Es gibt allerdings auch klare Unterschiede zum deutschen Modell. So ist die Unterscheidung in Erst- und Zweitstimme nicht vorgesehen. Wer zum Beispiel in Rom-Ost den Wahlkreiskandidaten der Fünf Sterne wählt, hat damit auch automatisch für die M5S-Liste votiert. Und so kann keine Regelung zu Überhang- und Ausgleichsmandaten eingeführt werden. In Italien steht in der Verfassung, dass die beiden Häuser des Parlaments aus 630 Abgeordneten und 315 Senatoren bestehen.

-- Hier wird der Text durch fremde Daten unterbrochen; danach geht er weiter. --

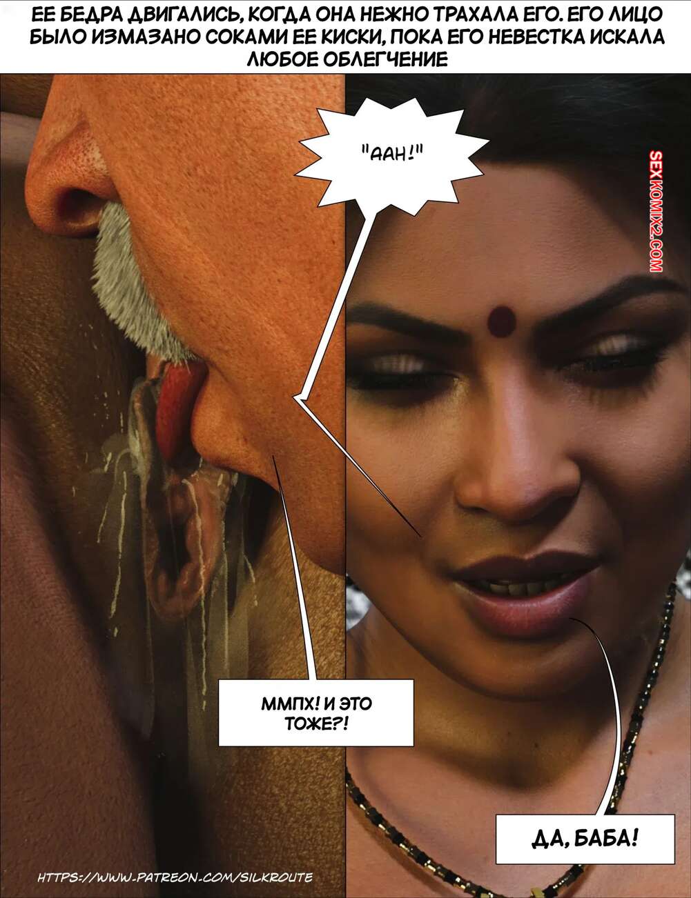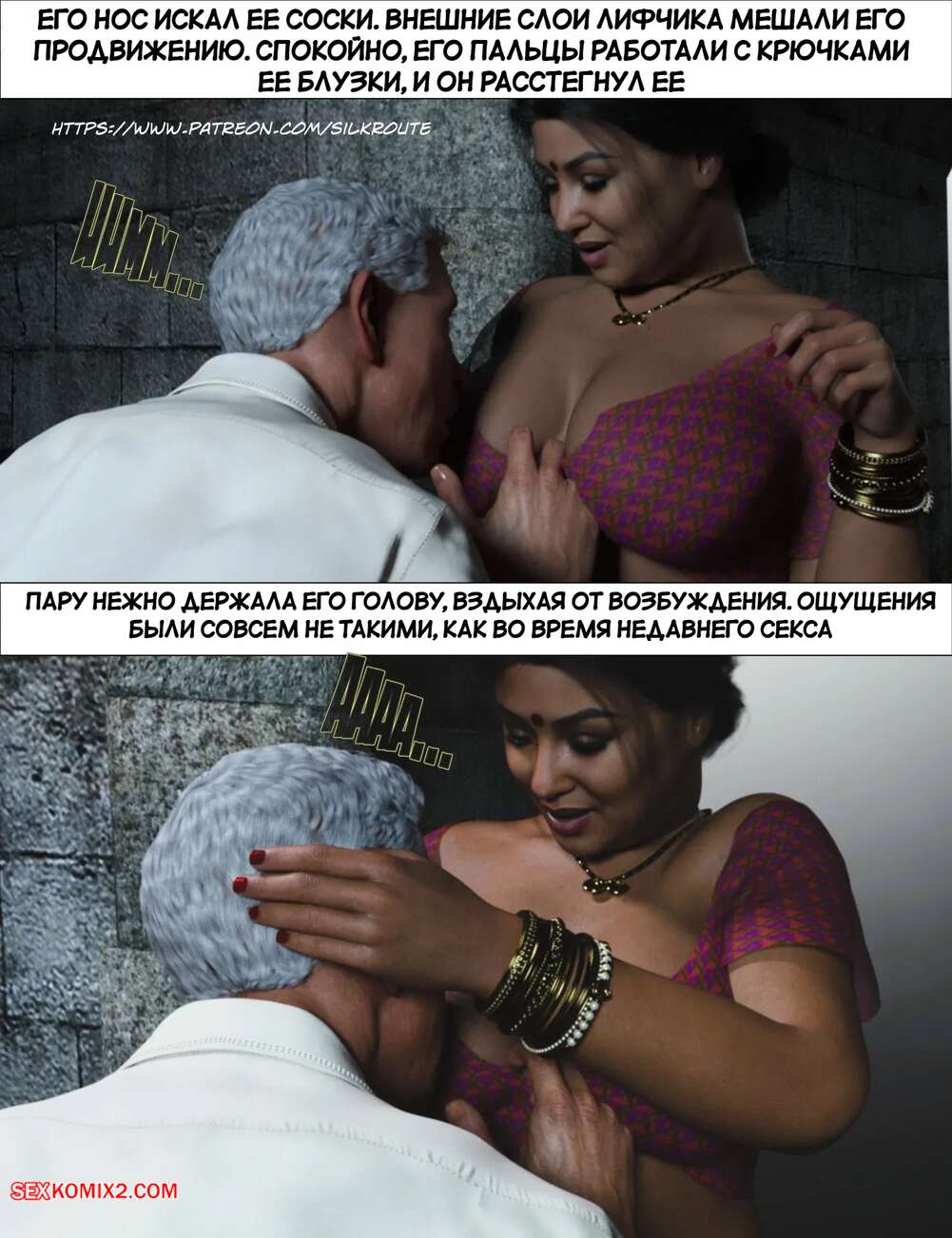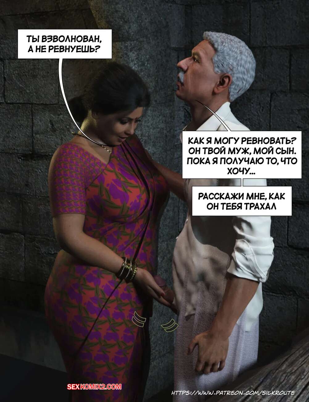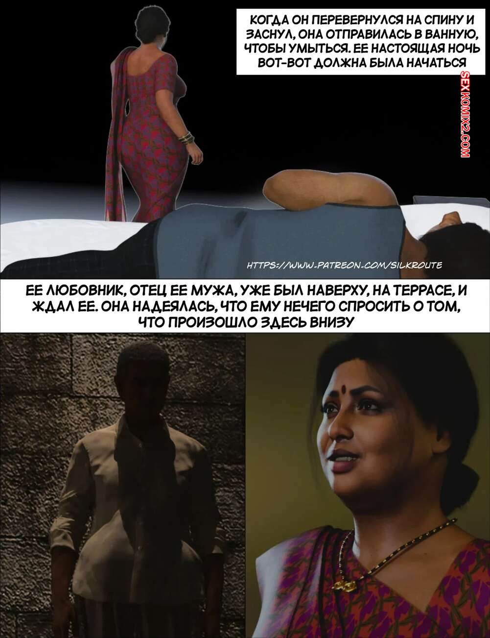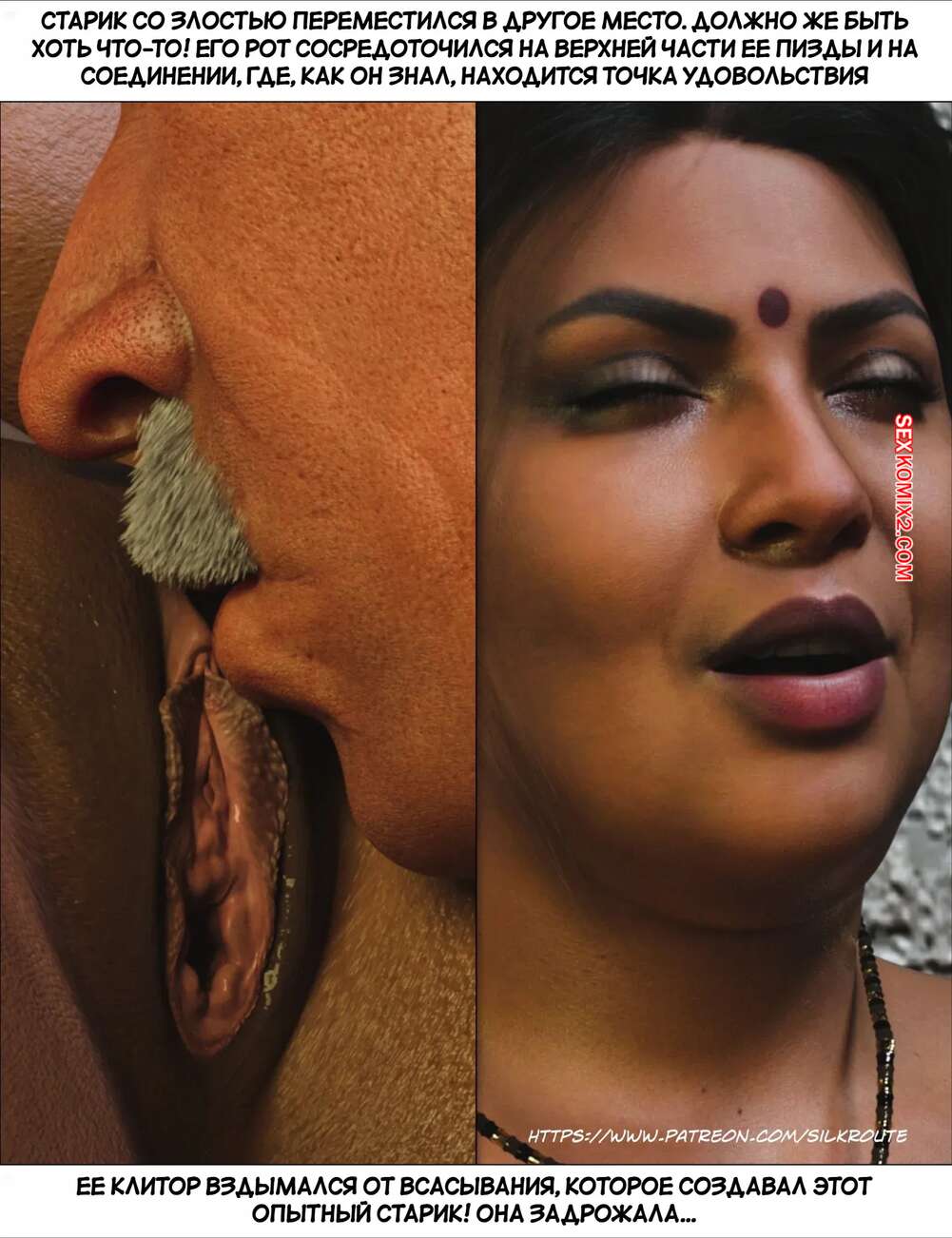 Порно комикс Моменты Масала. Часть 5. Masala Moments Горячая милфа уединилась ночью со стариком, чтобы они могли насладиться друг другом. Красотка оголила сиськи и дала мужику их полизать, после чего он стал лизать пизденку зрелой дамы.

Für eine – zur Schaffung von Ausgleichsmandaten nötige – Verfassungsänderung fehlt die Zeit, da alle größeren Parteien so schnell wie möglich an die Urnen wollen. Eilig hat es vorneweg Exministerpräsident Matteo Renzi, der in Urwahlen als Chef der gemäßigt linken PD bestätigt wurde. Renzi hatte 2016 zurücktreten müssen, weil seine Verfassungsreform von 60 Prozent der Wähler verworfen worden war. Seitdem strebte er ein schnelles Comeback an. Nicht zuletzt ist seine Sorge, dass der im Herbst zur Verabschiedung anstehende Staatshaushalt 2018 mit seinen vielen sozialen Härten die Wahlchancen der PD trüben könnte. Gegenwärtig liegt die PD in den Meinungsumfragen bei 27 bis 30 Prozent.
Berlusconi is back
In vielen Umfragen gleichauf, in manchen dagegen auch vor der PD finden sich Beppe Grillos Fünf Sterne. Angesichts ihrer Stärke drängten sie schon seit Dezember auf Neuwahlen. Skeptisch war dagegen bisher Berlusconi, dessen FI nur noch für 12 bis 13 Prozent gut ist. Doch das sich jetzt abzeichnende Proporzsystem kommt ihm entgegen: Berlusconi träumt von einer Koalition an der Seite Renzis, und ausgerechnet jener Mann, der noch im Jahr 2014 als erledigt galt, wegen seiner Skandale und seiner Vorstrafe, wäre dann wieder ein zentraler Spieler in der italienischen Politik.
Erst recht gefällt das „deutsche“ System der Lega Nord, die in den Umfragen ebenfalls mit 12 bis 13 Prozent abschneidet. Die Lega hat regionale Hochburgen im Norden, im Veneto oder in der Lombardei, und darf dort auch auf zahlreiche Direktmandate hoffen. Chancen auf einen Einzug ins Parlament könnte sich auch eine radikal linke Liste erhoffen, wenn die Sinistra Italiana (SI) und die aus den Reihen der PD ausgescherten Vertreter des Movimento Democratico e Progressista (MDP – Demokratisch-progressive Bewegung) sich vereinen. Völlig unklar ist hingegen, wie in Italien nach den nächsten Wahlen eine regierungsfähige Mehrheit aussehen könnte.